ABSTRACT

Michel Foucault has argued that history has excluded too readily ‘particular, local, regional knowledge . . . incapable of unanimity’, in favour of ‘systematising thought’, or the official version (Foucault 1980: 82). He calls for the ‘subjugated knowledges’ ‘buried’ below to be redis - covered and injected into our perceptions of culture. He calls for a ‘genealogy’ – a ‘painstaking rediscovery of struggles together with the rude memory of their conflicts’ – which would combine erudite know - ledge and ‘local memories’ (ibid.: 83) in the understanding of the cultural process. Rather than assume a ‘unitary’ version of American regions like the West or South, this method insists upon the inclusion of multiple stories of local and regional significance and relates them to a wider interor transnational perspective. Such a method takes note of the struggles for power that have marked the burial of certain stories and the elevation of others, and builds them into the analysis. It questions the notion that a particular place or region has a unique or settled set of qualities, and instead argues that stories which have been written about such places have often been written from a perspective that is partial and selective and may even downgrade or omit groups or interests whose experiences or values do not fit with the received version.
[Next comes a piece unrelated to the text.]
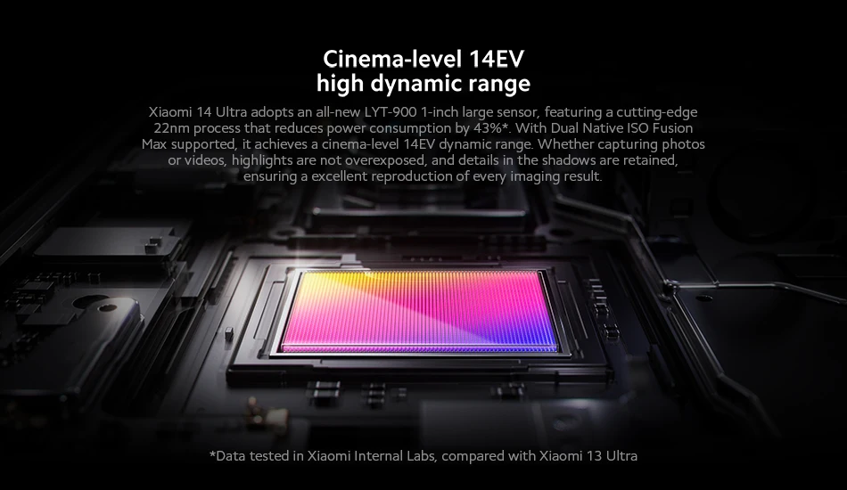 Xiaomi 14 Ultra adopts an all-new LYT-900 1-inch large sensor, featuring a cutting-edge 22nm process that reduces power consumption by 43%*. With Dual Native ISO Fusion Max supported, it achieves a cinema-level 14EV dynamic range. Whether capturing photos or videos, highlights are not overexposed, and details in the shadows are retained, ensuring an excellent reproduction of every imaging result.

This is a reminder that we need to take care when we examine the way in which the supposed identity of a place interacts with its history. Generalisations about the character of the South or West may depend upon assumptions about their ‘past’, which themselves contain untested judgements. This section argues, therefore, for a form of Critical Regionalism, a term evolved from the architectural work of Lefaivre and Tzonis and Kenneth Frampton, suggesting a sense of regionalism ‘infused with . . . relativity’, critical of both imposed universalism and naïve localism, and in a ‘constant process of negotiation between local and global’ (Lefaivre and Tzonis 2003: 34). The recognition of alternative stories in the form of regional variety and difference asserts diversity and pluralism against any totalising impulse, showing an awareness of complex issues of race, gender and ethnicity, balking against assumptions of some common identity, and preferring

instead the assertion of difference. In this spirit, we would concur with Stephanie Foote’s comment:

The local knowledges that regionalism first helped publicize fracture any monolithic narrative of American literature and . . . identity. Because it held open the meaning of America and Americanness, regional writing helped to create a way to understand and value social differences, and helped to establish a way of imagining communities that interrupted even as they sustained a national culture.